Стоит как раз та пора, когда в этих краях начинается бездорожье и в Вавилоне настают, как здесь говорят, «Веселые Боковеньки». Это в трясине оживает речка Веселая Боковенька, эдакое болотное чудо, на самом же деле — приток Чебреца, летом вовсе незаметный, а теперь делящий Вавилон на несколько маленьких уголков, на время почти независимых друг от друга. Целебень, где сосредоточена власть в лице председателя Лукьяна Соколюка и верного исполнителя при нем — Савки Чибиса, который после большого перерыва опять в обновке — потратился вчера на бумажные штаны, а сегодня весь день потирает руки и звонко причмокивает языком в ожидании праздника; Татарские валы, где живет Фабиан (здешний философ) с козликом, носящим такую же кличку (беспутным сыном козла Фабиана, существом столь же оригинальным, как и отец, даром что без царя в голове); затем Скоморохи, Волхвы, Гунцвоты, а по ту сторону Веселой Боковеньки (если смотреть на Вавилон от сельсовета, то есть с Целебня) пойдут уже названия, которые не хотелось бы произносить вслух, поскольку они ничего не прибавляют к чести и величию Вавилона, зато могут бросить тень на почтенных людей. Вот, скажем, Людоедовка. Можно подумать, что речь идет об антропофагах, то есть людоедах, но нет. За всю историю Вавилона здесь не зарегистрировано ничего подобного, Вавилон не знал антропофагов даже в самые трудные годы, и все же Людоедовка появилась — появилась после того, как жителям маленькой тесной улочки, выходящей на Чебрец, сход выделил вдобавок к огородам еще и клочок луга, чем и посеял среди людей вражду: из за этого луга, от которого одним досталась делянка получше, другим — похуже, они ели друг друга поедом, за что их улочка и получила такое позорное название.
Или, к примеру, те же Гунцвоты, то бишь шельмы.
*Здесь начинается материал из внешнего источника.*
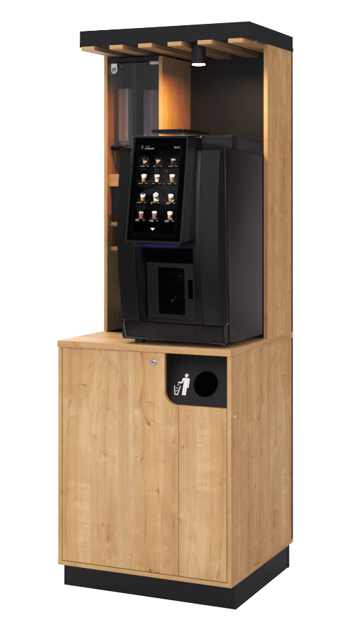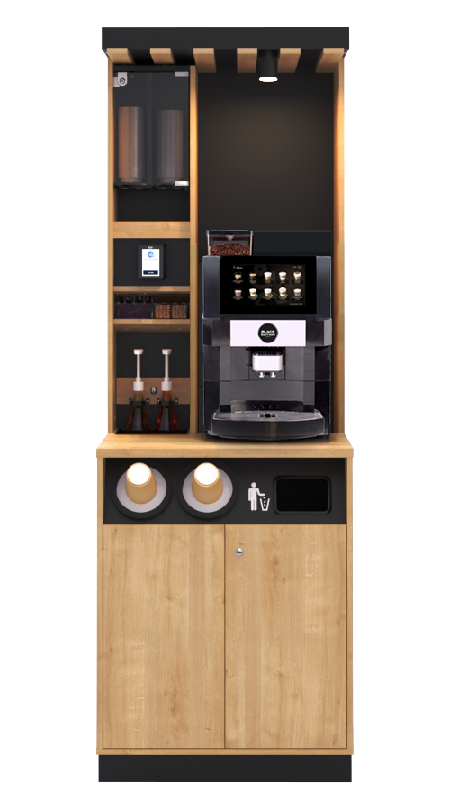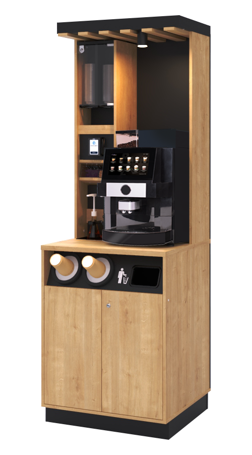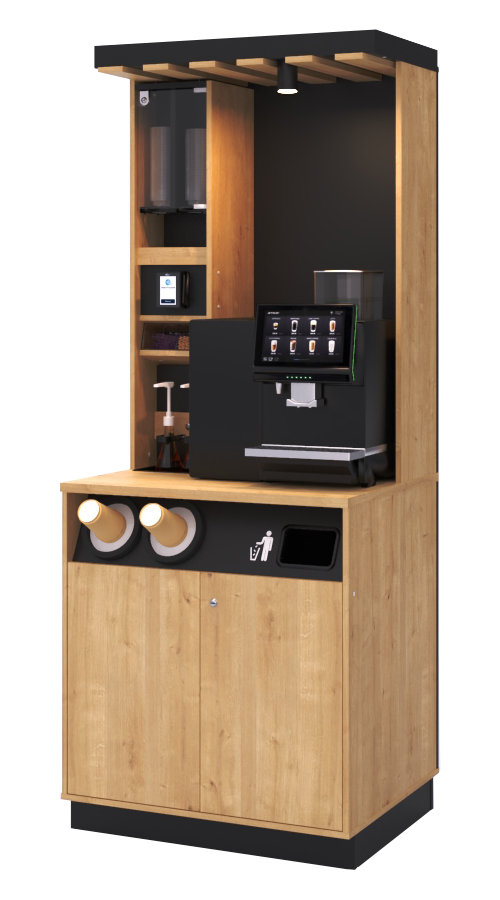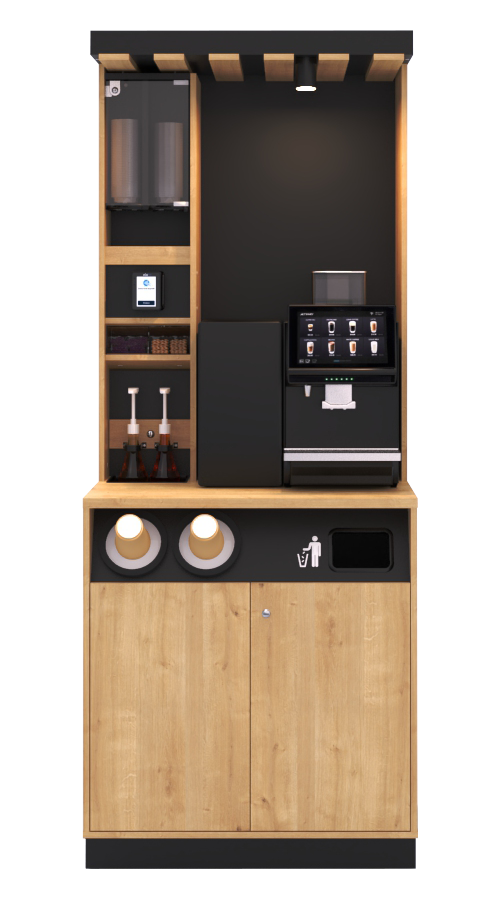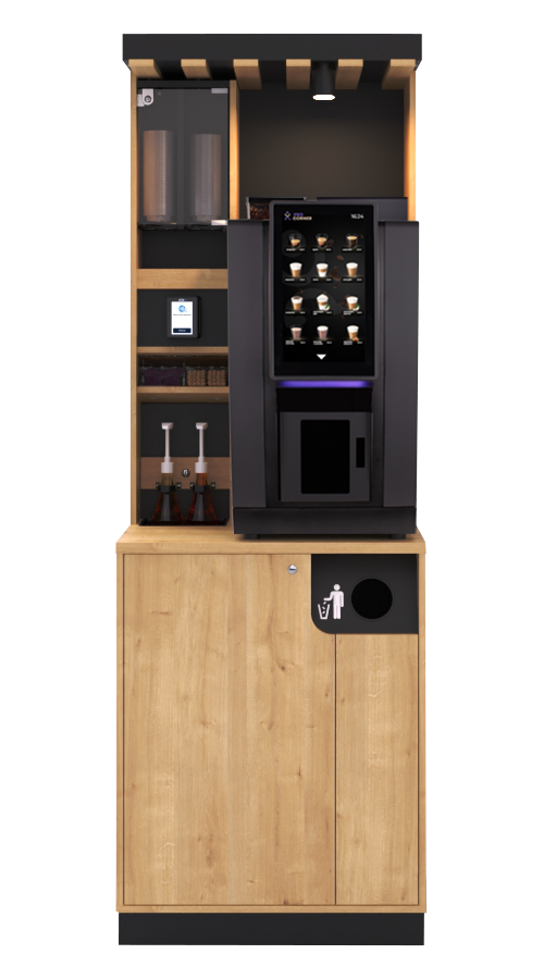 Автоматический кофекорнер с кофемашиной Jetinno JL22, терминалом банковских карт, органайзером сиропов, двумя диспенсерами стаканов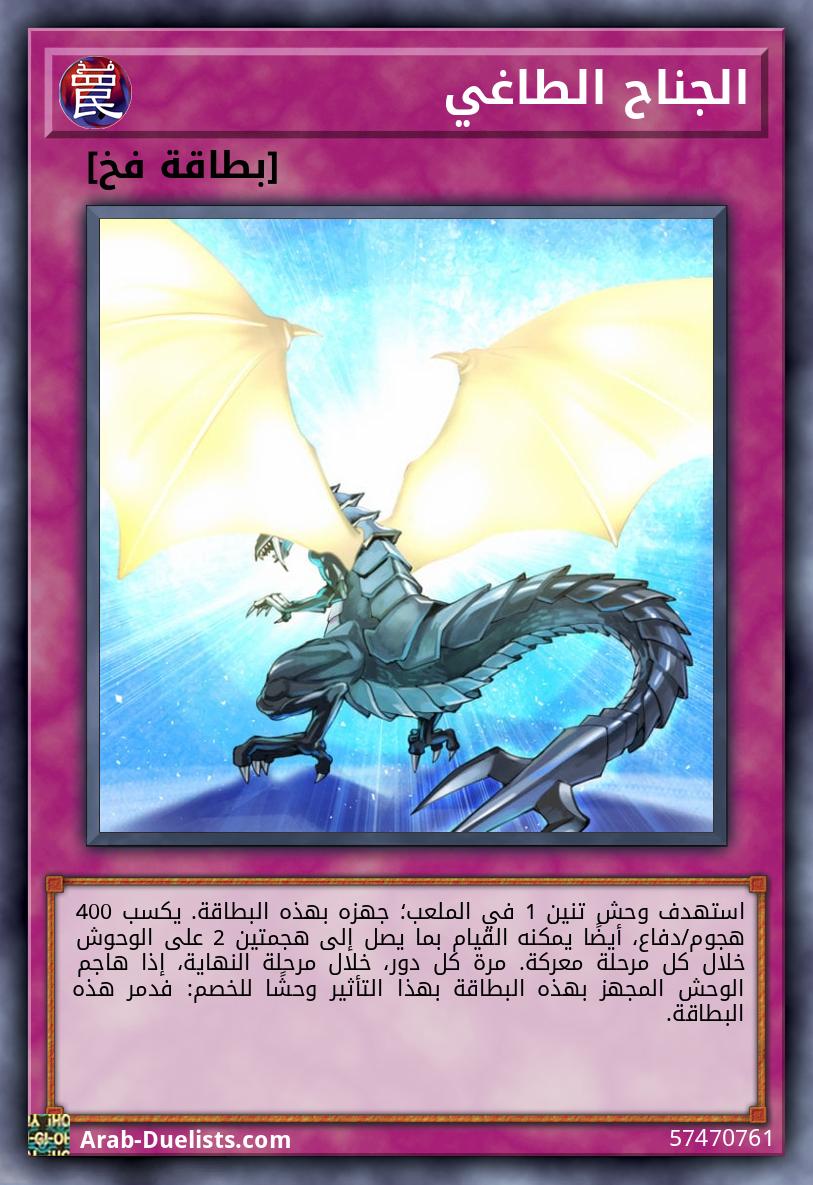 استهدف وحش تنين 1 في الملعب؛ جهزه بهذه البطاقة. يكسب 400 هجوم/دفاع، أيضًا يمكنه القيام بما يصل إلى هجمتين 2 على الوحوش خلال كل مرحلة معركة. مرة كل دور، خلال مرحلة النهاية، إذا هاجم الوحش المجهز بهذه البطاقة بهذا التأثير وحشًا للخصم: فدمر هذه البطاقة. |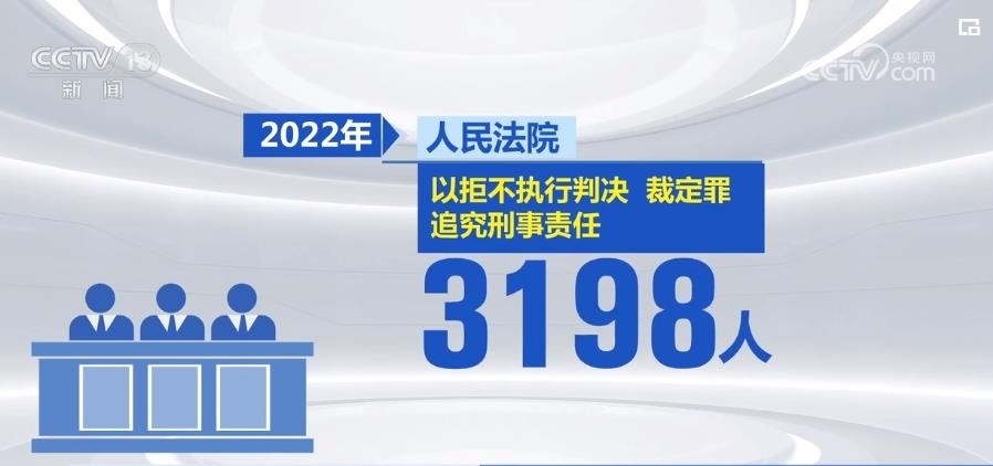 2022年,人民法院以拒不執(zhí)行判決、裁定罪追究刑事責(zé)任3198人。下一步,最高人民法院將聯(lián)合公安機(jī)關(guān)、檢察機(jī)關(guān)開(kāi)展集中打擊拒不執(zhí)行判決、裁定犯罪專項(xiàng)行動(dòng),建立健全公檢法機(jī)關(guān)依法懲治拒不執(zhí)行判決、裁定犯罪的常態(tài)化工作機(jī)制。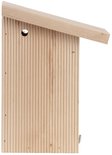 Le bois de cette maison mesure 18 mm d'épaisseur, ce qui assure une isolation parfaite. Grâce au toit en pente, l'eau tombe facilement et l'ouverture d'entrée est protégée contre le vent et la pluie. Le nichoir ne chauffe pas trop à cause des trous de ventilation. Le nichoir est également équipé de trous de drainage. Le design a été bien pensé, car l'intérieur est rugueux. Cela permet aux jeunes oiseaux de sortir plus facilement de la maison. Les rainures sur le devant contribuent également à cela.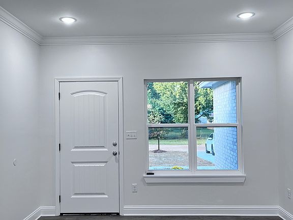 A warm and welcoming brick home featuring a clean light-brick exterior and a neutral gray roof that radiates classic Southern charm. With tasteful white trim and elegant gray shutters, this home offers a bright and balanced look that's easy on the eyes.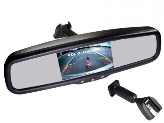 Салонное зеркало снабжено большим экраном, который автоматически включается, если вы даёте задний ход. Если подключить к зеркалу с монитором камеру заднего вида, вы увидите на экране всё, что она снимает.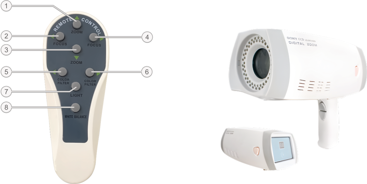 配有按鍵遙控手柄,操控圖像放大、縮小、凍結(jié)、電子綠色濾鏡、圖像顯示

Всем известно, что ныне там живут люди почтенные и зажиточные, но давние чьи то грехи ничем уже не отмыть, и когда в Вавилоне кто-нибудь совершает хоть малый грешок — ну, там, измену в любви или еще что, — о нем говорят: «гунцвотом стал». Одним словом, здесь есть все, что должно быть в Вавилоне и чем славен этот народ — стойкий, мудрый и бессмертный, ибо он отвечает за все, а отныне и за нас с вами, поскольку мы решили узнать его и полюбить. Если же это не удастся, то вина в том не народа, а моя, и потери мои. Я сознаю это и все же поведу рассказ далее. А еще я буду придерживаться принципа, который, быть может, кое кого и оттолкнет, но единственно приемлем для этой книги, которая писалась не один день: не в том суть, чтобы как можно скорее прийти к заповедному концу, а в том, чтоб как можно больше увидеть по дороге: «Не до невидущих бо пишемо, но до преизлиха насыченых сладости книжной»[1].
Глава ПЕРВАЯ
Эх, как заведутся у нашего брата вавилонянина деньги! Земли на них покупать не надо — тысячи десятин ее лежат вокруг Вавилона, иногда возникает даже такое ощущение, что вся она твоя. А уж ежели у тебя столько земли, которую ты можешь считать хоть за свою, а хоть за ничейную — это зависит от меры твоей фантазии и твоего классового чутья, — тогда нет смысла тратить свои денежки ни на волов, ни на лошадей, ни на плужки и соломорезки (те самые, ручные, с двумя воротами — недавнюю мечту каждого крестьянина): всего этого обобщено вдоволь, на твой век хватит, а ты, крупный землевладелец, полученные за свеклу деньги (помимо сахара!) можешь впервые пустить на себя, на свою неусмиренную душу, чтобы она не выродилась при таком обилии земли. Возможно, именно поэтому и привились у вавилонян свекольные балы, которые вскоре вошли в обычай и распространились по всему Побужью, и ведь подумать только — без дворянства, без земства, безо всего того, что давно кануло в Лету, без какого бы то ни было великосветского повода, а просто так, по желанию жителей, из необходимости хоть раз в год побывать в другом мире, себя показать и на людей поглядеть, независимо от того, что среди них могут быть и милые тебе и ненавистные. Бал с этим не может считаться, да еще такой, как этот, в складчину, на котором ты можешь сойти хоть за гостя, а хоть и за хозяина — что больше по сердцу твоему вавилонскому естеству. Впрочем, Фабиан, исходя из собственного житейского опыта, полагает, что на всяком балу лучше чувствовать себя гостем, хозяин на балу чаще всего пожинает лавры неблагодарности, тем более у нас в Вавилоне.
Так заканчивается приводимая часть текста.